AI and the intelligent defense enterprise
The event concluded with a forward-looking discussion on how AI is transforming the defense industrial base. Panelists discussed AI’s role in engineering and beyond, highlighting ways that AI can automate entire decision loops and why responsible, scalable AI adoption must be built on a foundation of trusted, explainable data.

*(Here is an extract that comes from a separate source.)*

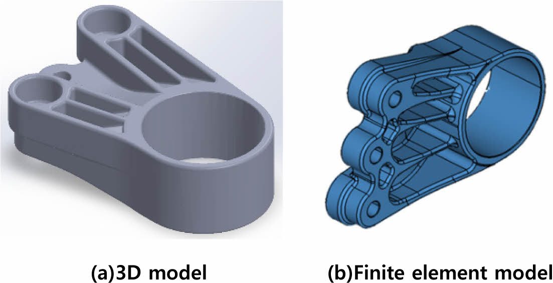 엔진마운트 브라켓은 엔진 서포트(support)라고도 하며, 차량의 수명기간동안 차량 부품들이 차체로부터 이탈되지 않도록 지지해주는 기능을 하기 때문에, 외부 진동에 대한 높은 저항성이 요구된다. 강화재 함량에 따른 열가소성 복합재료 특성 평가 데이터를 기반으로 엔진마운트 브라켓을 형상화한 3D모델 및 시뮬레이션을 위한 유한요소모델을 생성하였다. 3D모델 및 유한요소모델을 생성하기 위하여 비선형 멀티 스케일 모델링(Non-linear multi scale modeling)이 가능한 DIGIMAT(MSC Software Inc., US(State of washington))를 활용하였다. 유한요소 모델 생성 시, 요소 타입은 모두 테트라(tetra) 요소로 구성하였으며, 글로벌 메쉬(global mesh) 사이즈는 150 mm, 로컬 메쉬(local mesh) 사이즈는 0.44 mm로 설정하였다.

The discussion also turned to the future and the impact that AI will have in the coming years, with PTC’s EVP of Customer and Technology Partnerships, Steve Dertien, explaining PTC’s vision for an intelligent product lifecycle that’s supercharged with agentic AI.
Closing reflections
As the day drew to a close, it was clear that there was one theme uniting every conversation. Whether accelerating shipbuilding, scaling uncrewed systems, or defending the nation against a missile attack, leaders across the defense industrial base agreed that modernization requires speed, security, and digital trust.
The time for defense modernization has come, and PTC continues to stand at the center of this transformation, helping aerospace and defense organizations build an intelligent and secure enterprise that can meet the demands of tomorrow’s mission.